Perhaps convolutions of length 3 are not sufficient. So I make it try a length of 5. The pooling layer should become useless now. The error rate is still 83.2 %, so that did not help.
So I increase to 512 filters with length 5, perhaps that does the trick. We are now at 99.0 % error rate. The network seems to overfit, although the validation loss looks reasonable close to the training loss.
We have seen this pattern before as well, too many convolutional filters will make the result worse. Perhaps one could improve by training for more epochs, but a simpler model gave better results with less resources.
Conclusions
It seems that just applying a convolution to the data is not sufficient to extract all the interesting features. This surprises me a bit because I would have expected that a convolution could effectively take the first and second derivative of data. The dense network at the end must be able to build the sum of the last data point and first and second derivative to extrapolate the next point. Perhaps the problem is that the convolution does not preserve the last element and one would have to reinject the original information into the final state to have it available via shortcircuit.

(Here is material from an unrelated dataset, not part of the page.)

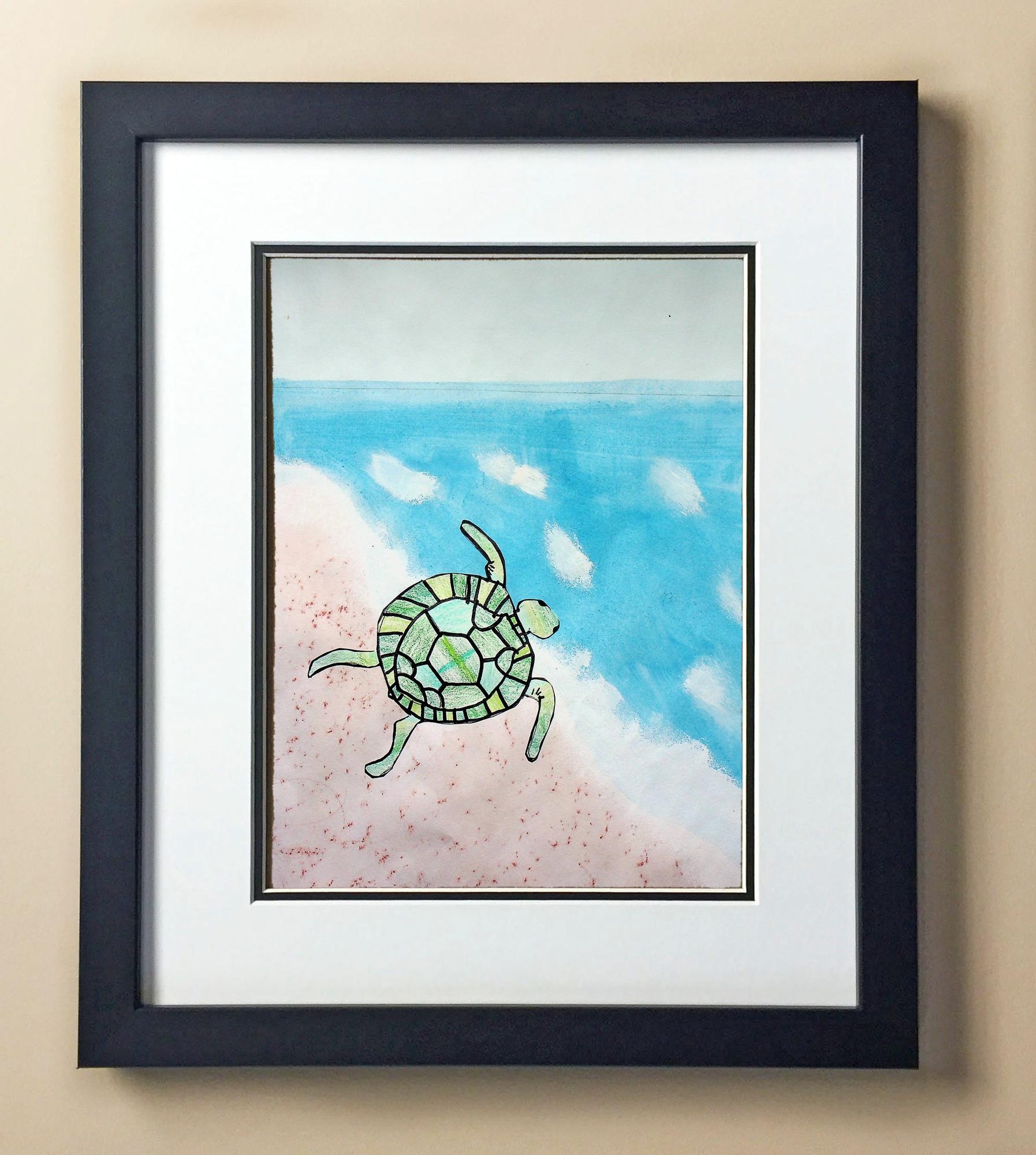 Included with the purchase is the Students Artwork, Frame, double matboard, shatter proof plexiglass, and a ready to hang backerboard with turnbuttons

Maybe even with those changes the convolution just does not work. One would need to extract features like the first and second derivative, the ratios and other things beforehand. Some of these are nonlinear transformations, the network may not be able to learn these just from the data and one has to provide some features manually.
It could also be that deep learning is not the right approach here and as it should rather be a decision tree from more complicated features, one should rather persue an avenue like that.